Children with coarctation of the aorta can have the condition repaired two different ways: through cardiac catheterization or thoracic surgery. When recommending treatment, specialists with Norton Children’s Heart Institute, affiliated with the UofL School of Medicine, will consider your child’s age, overall health, the site of the narrowing and the level of narrowing in the aorta.
Norton Children’s Heart Institute is the leading provider of pediatric heart care in Louisville and Southern Indiana.
Norton Children’s Heart Institute has a network of remote diagnostic and treatment services in Kentucky and Southern Indiana.
What Happens in Coarctation of the Aorta Surgery?
A number of different surgical techniques can be used to repair a coarctation of the aorta:
- End-to-end anastomosis: The surgeon removes the narrowed area in the aorta (resection) and reconnects the two ends to each other (anastomosis).
- Arch advancement: This repair involves reattaching the descending aorta to the ascending aorta and effectively bypassing the coarctation segment, which is tied off. Our cardiothoracic surgeons may choose this type of repair in infants when the aortic arch is small (hypoplastic).
- Subclavian flap or patch aortoplasty: The surgeon widens the narrowed area with a patch or uses a portion of an artery as a flap to expand the area.
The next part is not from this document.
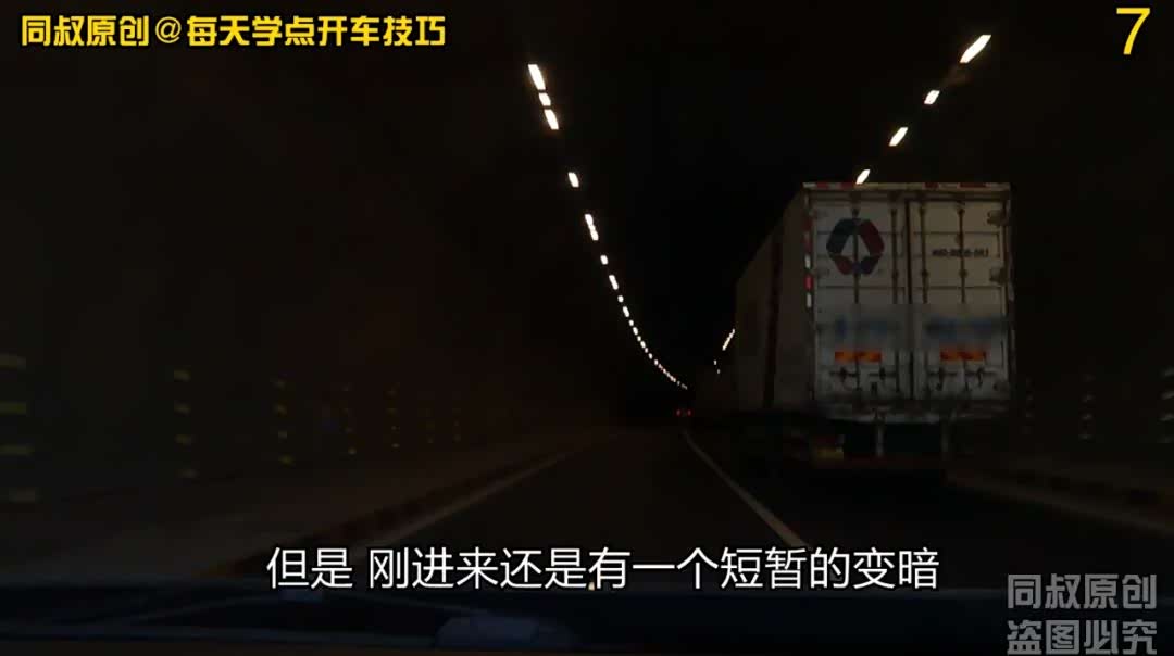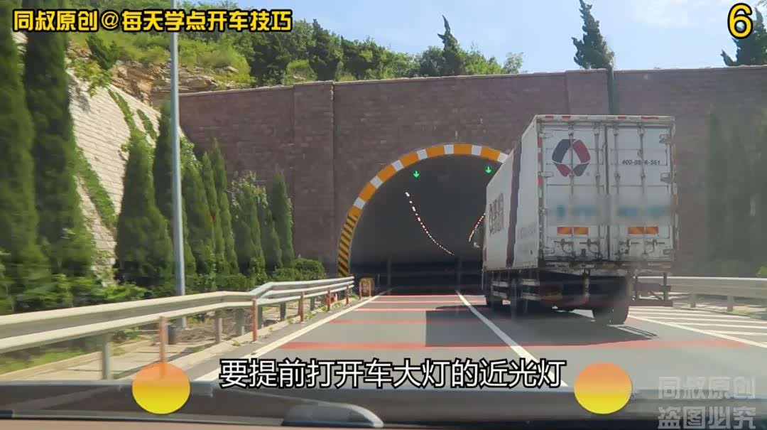 第三,灯光前置。在进入隧道前,可以看得出,隧道内光线比较暗,要提前打开车大灯的近光灯。之所以提前打开,就是避免在进入隧道光线变暗的那一刻,你再临时去找车灯开关,时间上滞后,也容易造成慌乱。因为此时注意力分散,万一在前方隧道的黑暗中有车辆突然减速,容易导致追尾事故。
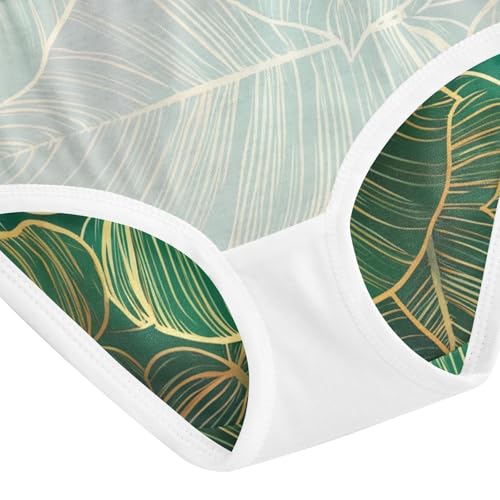 Tropical Leaves Gold Dark Green Teal Panties for Girl Girls Underwear Toddler Cotton Florals Underpants Briefs 2t 5

- Interventional cardiac catheterization: This procedure can be used to widen a coarctation of the aorta. A tiny deflated balloon is attached to the end of a catheter, and the catheter is threaded through a large blood vessel to the coarctation. Inflating the balloon widens the narrowing to improve blood flow.
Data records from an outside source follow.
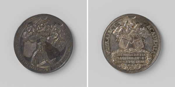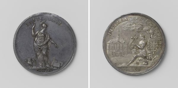 This silver medal was created by Johan George Holtzhey. The artistry lies in the manipulation of metal, a medium prized for its durability, but requiring immense skill to transform. Holtzhey, as a medalist, would have employed techniques like die-striking to impress designs onto the silver. The medal’s imagery, on one side, displays a captain handing out medals to his company, while the other shows military accoutrements. These scenes were likely first engraved in hardened steel, and then used to stamp multiple versions onto softer silver blanks. This medal is not just about commemorating military preparedness. It embodies the social dynamics of the time. Medals like these were often commissioned by civic groups, guilds, or even military units as symbols of membership, achievement, or allegiance. The medal is a testament to a system of reward, recognition, and the social structures that bound communities together. By considering its material and process, we can appreciate how this small object offers insight into the world of 18th-century Dutch society.
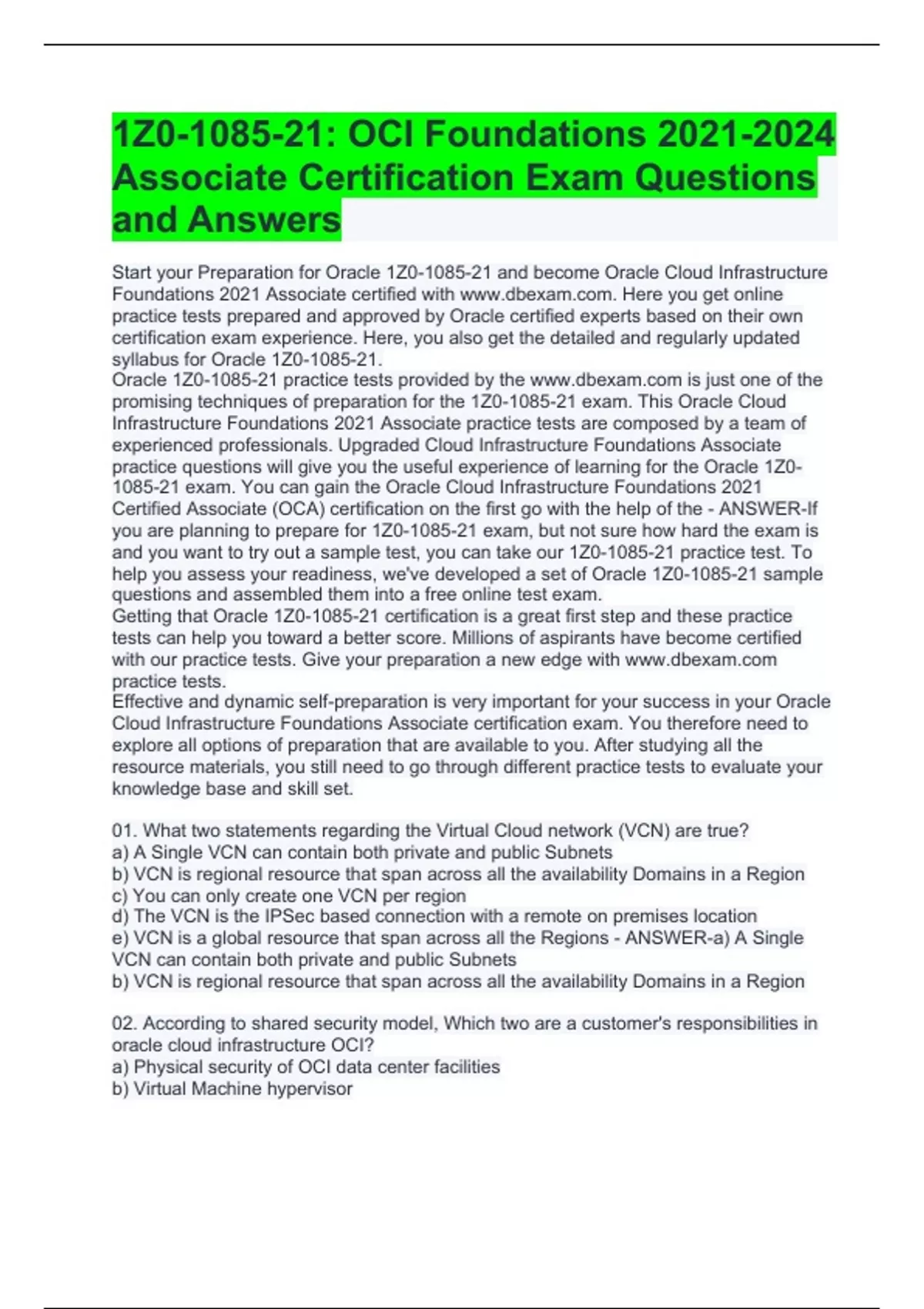 1Z0-1085-21: OCI Foundations Associate Certification Exam Questions and Answers
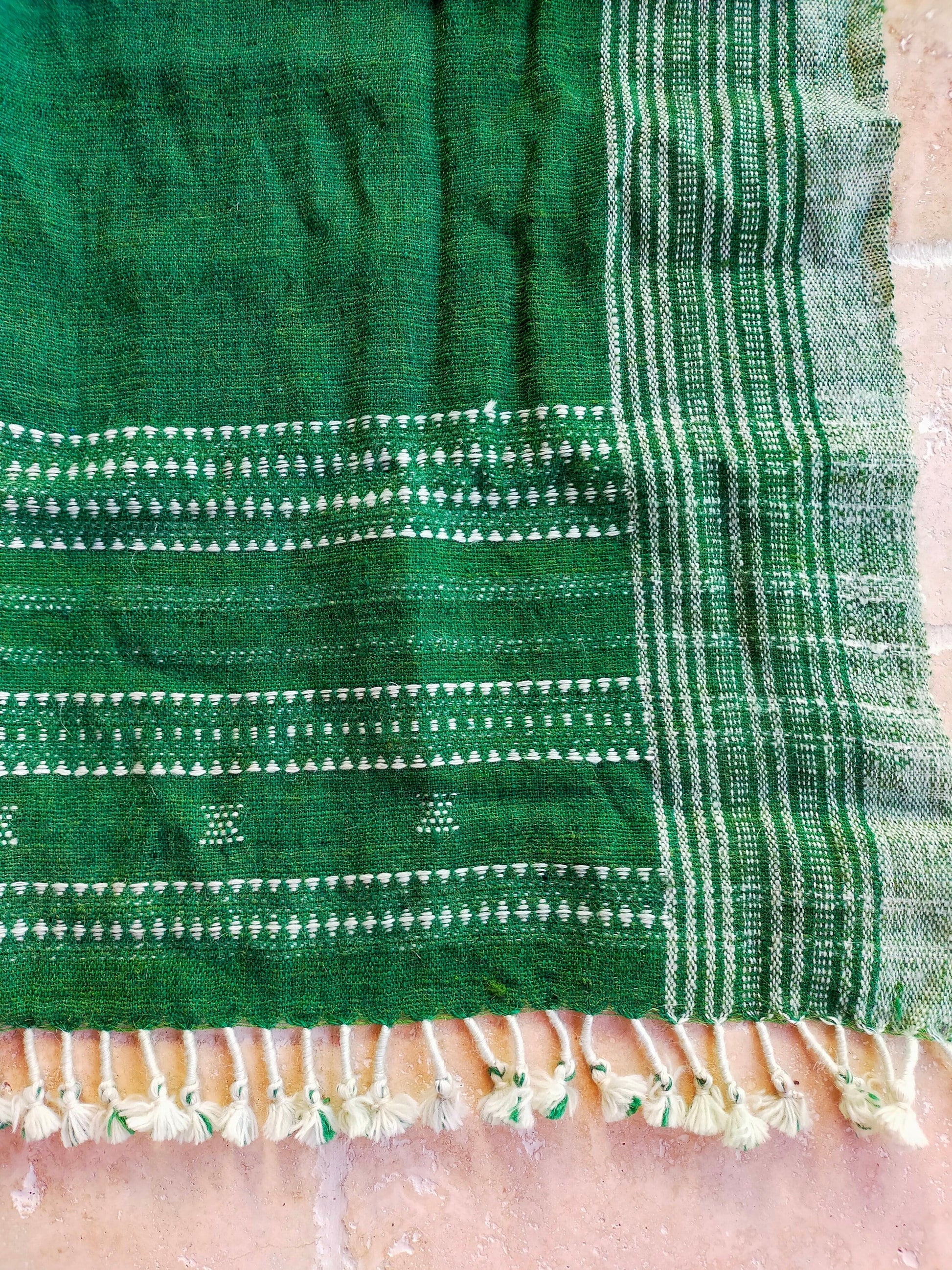 Handwoven Desi Wool (indian wool) Green Shawls/Throws From Kutch Gujarat
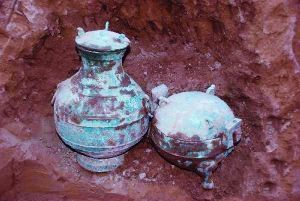 2010年12月10日,考古专家从铜鼎中夹出一块动物骨头
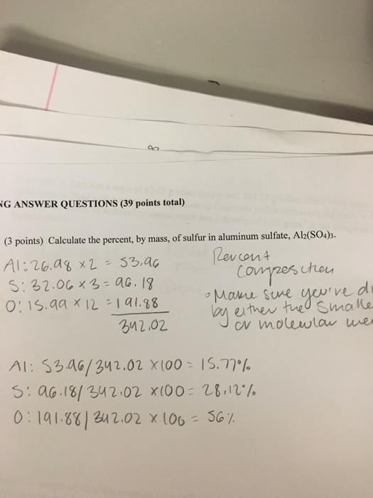 Solved Calculate The Percent By Mass Of Sulfur In Aluminum Chegg Com
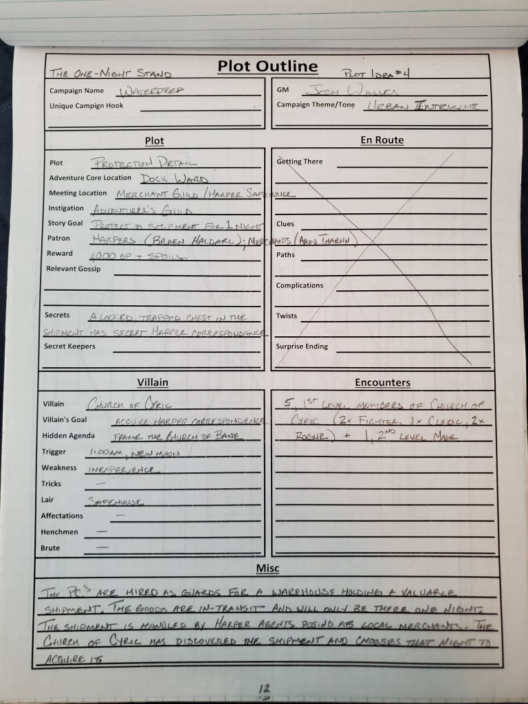 Below, you can find an example filled out based on a “false start” to this campaign. The campaign was originally going to be a duet with myself running it and my Joann playing, but we opted to invite some others after we started to give us more variety in characters and in scenario style (based on skills and abilities). This particular scenario and event never actually happened in the current iteration, but Irizon Thano is actually an NPC and doing basically the same thing he was (except he is now a she).
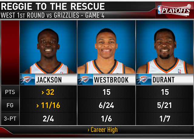 Troisième match de suite qui se termine après prolongation pour Memphis et OKC qui nous ont encore offert à match étouffant et passionnante. Cette fois-ci, c’est le Thunder qui en sort vainqueur (92-89), malgré le festival de maladresse de Kevin Durant (5/21 aux tirs) et de Russell Westbrook (6/24 aux tirs). Ce soir, le grand monsieur du match se nomme Reggie Jackson, enfin rentré dans sa série. Le 6e homme du Thunder réalise son meilleur match en playoffs avec 32 pts, et permet aux siens de reprendre l’avantage du terrain.
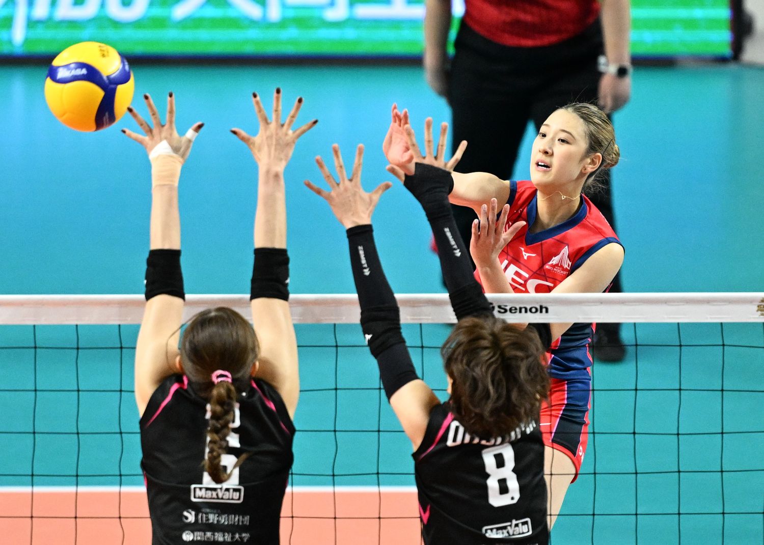 女子の第1試合、5大会ぶり2度目の皇后杯優勝を目指す大阪マーヴェラス対初優勝を目指す埼玉上尾メディックスの戦いは、第1セット、大阪マーヴェラスはリードを許しますが、宮部愛芽世選手、田中瑞稀選手の活躍で逆転に成功しこのセットを取ると、第2、第3セットも連取し、セットカウント3-0(25-23、25-16、25-18)のストレートで決勝進出を決めました。準決勝のもう1試合は連覇を目指すヴィクトリーナ姫路対2大会ぶり3度目の優勝を目指すNECレッドロケッツ川崎の対戦。第1セット、一進一退で終盤を迎えるとNECレッドロケッツ川崎は山田二千華選手のブロックが決まり第1セットを取ります。その後佐藤淑乃選手のスパイクなどで得点を重ね、セットカウント3-0(25-22、25-19、25-17)のストレート勝ちで、決勝進出を決めました。決勝は大阪マーヴェラス対NECレッドロケッツ川崎の対戦となりました。

Coarctation of the Aorta Surgery Complications and After Care
Complications from coarctation of the aorta surgery may include:
- Coarctation reoccurrence: Coarctation (narrowing) may reappear following surgical repair or balloon treatment. This can happen years after surgery. It is more common (about 10% to 20% of patients) when the procedure is done in a newborn. The rate is much lower for older children who have had coarctation repaired. In these cases, balloon dilation or placing a stent can address the issue, instead of having another surgery.
- High blood pressure is common after treatment. This can be effectively managed with intravenous (IV) medications, and the high blood pressure can get better while the child is in the hospital. The child may need to take oral high blood pressure medications after going home, and that can be addressed at a future outpatient appointment.
Children treated for coarctation of the aorta will need long-term follow-up with a cardiologist. The cardiologist will look for any issues that can happen later in life, such as renarrowing or high blood pressure. These visits will include a physical exam and blood pressure measurements in the arms and legs.